**TASK PROMPT**. For the material that follows, return exactly the lines from the one with "You’s Alyssa Dorchak." through the one with "Welcome to this", both ends included.

**INPUT DATA**.
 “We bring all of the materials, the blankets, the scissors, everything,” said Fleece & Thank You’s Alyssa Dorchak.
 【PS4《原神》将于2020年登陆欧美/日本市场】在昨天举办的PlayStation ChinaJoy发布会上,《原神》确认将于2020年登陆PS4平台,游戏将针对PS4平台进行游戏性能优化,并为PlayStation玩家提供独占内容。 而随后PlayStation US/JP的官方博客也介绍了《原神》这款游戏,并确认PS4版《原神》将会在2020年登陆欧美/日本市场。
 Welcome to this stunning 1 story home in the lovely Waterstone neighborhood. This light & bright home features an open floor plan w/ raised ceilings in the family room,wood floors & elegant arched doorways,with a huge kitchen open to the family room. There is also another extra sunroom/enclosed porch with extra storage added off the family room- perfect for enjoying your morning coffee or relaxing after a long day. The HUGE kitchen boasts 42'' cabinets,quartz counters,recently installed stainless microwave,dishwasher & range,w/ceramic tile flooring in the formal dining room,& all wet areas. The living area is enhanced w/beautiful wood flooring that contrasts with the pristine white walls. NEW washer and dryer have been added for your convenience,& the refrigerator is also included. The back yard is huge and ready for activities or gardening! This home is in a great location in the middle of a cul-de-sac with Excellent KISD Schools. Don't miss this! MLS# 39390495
==
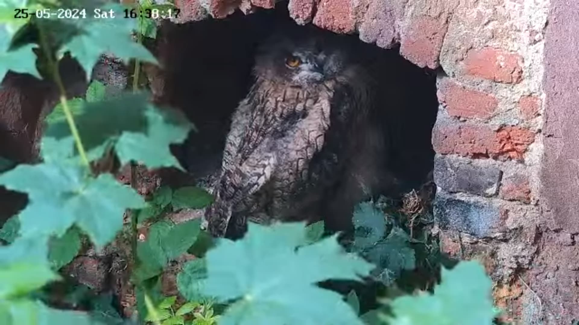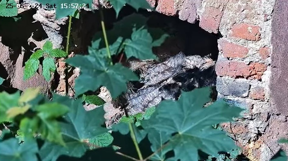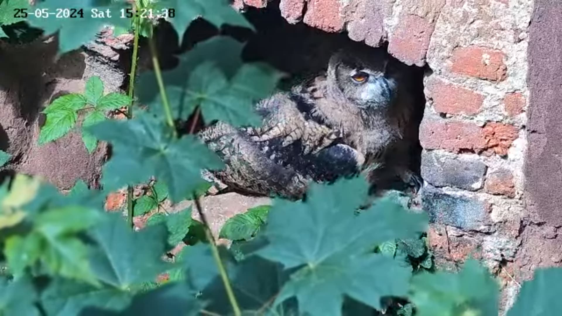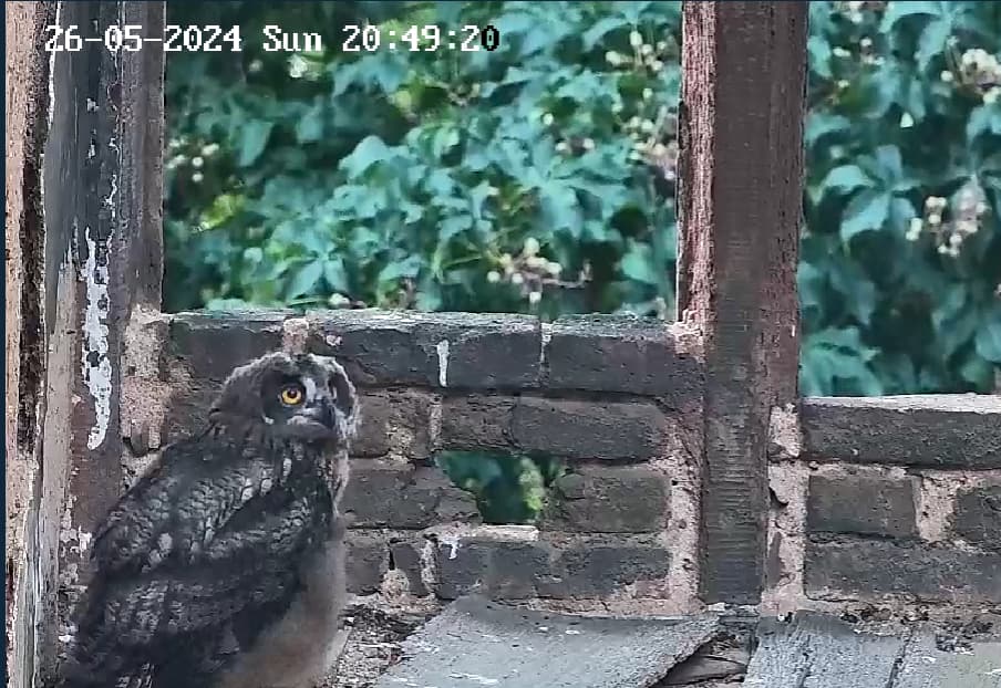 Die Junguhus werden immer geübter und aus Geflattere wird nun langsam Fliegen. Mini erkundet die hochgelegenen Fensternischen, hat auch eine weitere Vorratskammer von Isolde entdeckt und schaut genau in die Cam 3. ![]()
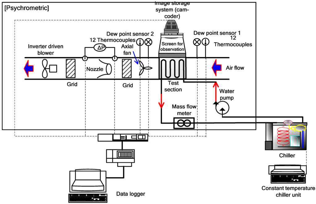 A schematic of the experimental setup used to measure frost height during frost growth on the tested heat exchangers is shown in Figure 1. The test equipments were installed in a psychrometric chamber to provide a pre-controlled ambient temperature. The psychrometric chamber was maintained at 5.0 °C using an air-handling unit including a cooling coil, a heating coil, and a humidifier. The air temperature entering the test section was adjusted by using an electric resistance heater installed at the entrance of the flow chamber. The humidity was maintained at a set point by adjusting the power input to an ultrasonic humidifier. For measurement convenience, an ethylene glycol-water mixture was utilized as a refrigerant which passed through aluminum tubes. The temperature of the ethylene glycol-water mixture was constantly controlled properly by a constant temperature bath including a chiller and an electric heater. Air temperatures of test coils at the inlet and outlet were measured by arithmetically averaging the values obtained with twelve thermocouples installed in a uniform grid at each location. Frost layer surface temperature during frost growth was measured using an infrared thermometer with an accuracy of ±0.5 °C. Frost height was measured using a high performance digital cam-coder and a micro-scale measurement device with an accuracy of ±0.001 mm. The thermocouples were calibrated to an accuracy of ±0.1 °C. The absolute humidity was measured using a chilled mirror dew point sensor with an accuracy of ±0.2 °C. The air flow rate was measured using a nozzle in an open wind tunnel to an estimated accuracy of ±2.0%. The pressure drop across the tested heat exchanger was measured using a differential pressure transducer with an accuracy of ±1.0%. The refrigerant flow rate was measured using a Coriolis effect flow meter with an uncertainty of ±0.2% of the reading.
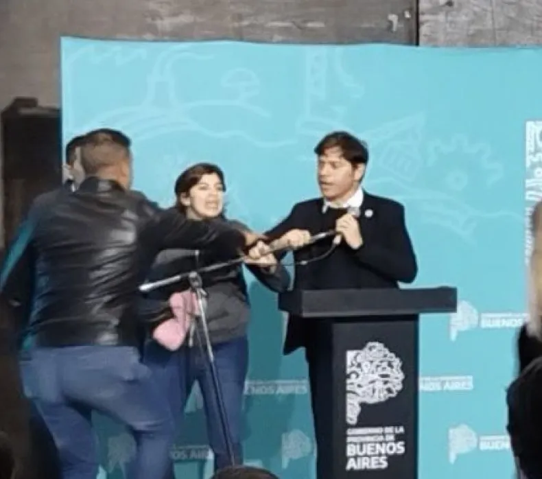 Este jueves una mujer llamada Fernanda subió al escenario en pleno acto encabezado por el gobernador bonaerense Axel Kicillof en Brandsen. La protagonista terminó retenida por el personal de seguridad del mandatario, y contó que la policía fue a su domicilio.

**WRITTEN ANSWER**.
 “We bring all of the materials, the blankets, the scissors, everything,” said Fleece & Thank You’s Alyssa Dorchak.
 【PS4《原神》将于2020年登陆欧美/日本市场】在昨天举办的PlayStation ChinaJoy发布会上,《原神》确认将于2020年登陆PS4平台,游戏将针对PS4平台进行游戏性能优化,并为PlayStation玩家提供独占内容。 而随后PlayStation US/JP的官方博客也介绍了《原神》这款游戏,并确认PS4版《原神》将会在2020年登陆欧美/日本市场。
 Welcome to this stunning 1 story home in the lovely Waterstone neighborhood. This light & bright home features an open floor plan w/ raised ceilings in the family room,wood floors & elegant arched doorways,with a huge kitchen open to the family room. There is also another extra sunroom/enclosed porch with extra storage added off the family room- perfect for enjoying your morning coffee or relaxing after a long day. The HUGE kitchen boasts 42'' cabinets,quartz counters,recently installed stainless microwave,dishwasher & range,w/ceramic tile flooring in the formal dining room,& all wet areas. The living area is enhanced w/beautiful wood flooring that contrasts with the pristine white walls. NEW washer and dryer have been added for your convenience,& the refrigerator is also included. The back yard is huge and ready for activities or gardening! This home is in a great location in the middle of a cul-de-sac with Excellent KISD Schools. Don't miss this! MLS# 39390495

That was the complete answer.